Time-lapsed micro-computed-tomography (micro-CT) with concomitant mechanical testing is increasingly used to study the bone deformation and fracture mechanism. However, previous femur studies were limited, imaging only small cores under load. We developed a protocol for time-lapsed synchrotron micro-CT imaging of entire human femoral epiphyses under load.
Twelve human femurs from elderly female donors (range: 56-91 years) were obtained. The fracture load was calculated using clinical CT images and finite-element modelling. A custom-made compression stage including an aluminum compression chamber, a 6-degree-of-freedom load cell and a screw-jack mechanism was manufactured. Samples were mounted inside the compressive stage, replicating a single-leg stance configuration. Micro-CT scans were performed at the Australian Synchrotron (31 μm/voxel, isotropic). One-fifth of the calculated fracture load was incrementally applied to the femur from the initial unloaded condition, with one micro-CT scan taken at each load step. At each step, the total volume scanned was 160 mm in diameter and 130 mm in height, scanning time 25 min. Four femurs were loaded to fracture, while 8 femurs were loaded non-destructively. The 6-component-force over time was recorded during the experiment.
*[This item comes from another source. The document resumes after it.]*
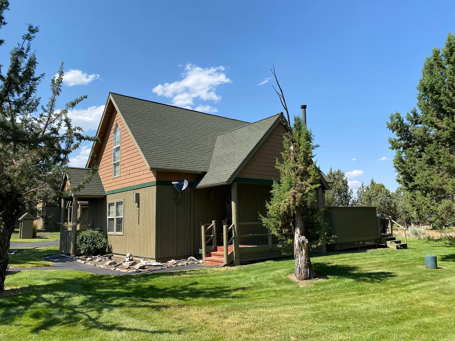 Chalet with golf course views, located on the 18th hole of the Eagle Crest Ridge Golf Course. Experience this quiet resort setting. Residents enjoy access to 3 sport centers with indoor and outdoor pools, hot tubs, tennis courts, pickleball courts, fitness centers, bike trails and more! Large back deck, complete with privately screened hot tub is perfect for entertaining. Chalet features a cozy river rock fireplace, vaulted ceilings and large windows for an abundance of natural light. Stainless steel appliances in the kitchen. Primary bedroom is located upstairs with in-room Jacuzzi bathtub, and has a loft which could be configured as an office. Newer LVP flooring through the living, dining, hallway and kitchen. Monthly hot tub maintenance included in the rent! Amenities Air Conditioning Electric Furnace Gas Fireplace Ceiling Fan Deck Hot Tub Yard Walk in Closet Laminate Floors Landscaping Included Vaulted Ceilings Dishwasher Garbage Disposal Refrigerator Microwave Electric Range Washer/Dryer Provided No Pets Allowed All information deemed reliable, but not guaranteed. Information subject to change, please go to Deschutes Property Management's website for the most up to date information. Equal Housing Opportunity. 6 month lease due to the time of year. A renewal will be offered at the same rate if the initial term goes well. No pets allowed. Tenant responsible for all utilities but landscaping included in rent!

Fractures were experimentally obtained in 5-6 load increments as predicted, with loads within the predicted range (1998-8636 N). The 2D and 3D images micro-CT images showed deformation and fracturing of the trabeculae and cortex. Sub-capital femoral neck fractures were obtained and were visible in the micro-CT images, consistent with observed patterns of clinical fractures (Figure 1).
Time-elapsed synchrotron micro-CT imaging of entire human femoral epiphyses with concomitant step-wise mechanical testing was successfully performed, at 31 μm voxel size. Clinically relevant fracture patterns were experimentally replicated and visible in the micro-CT images, together with the bone microarchitecture. Morphometric and micro-finite-element analyses are being undertaken, to investigate the contribution of the different microstructural compartments to withstand load.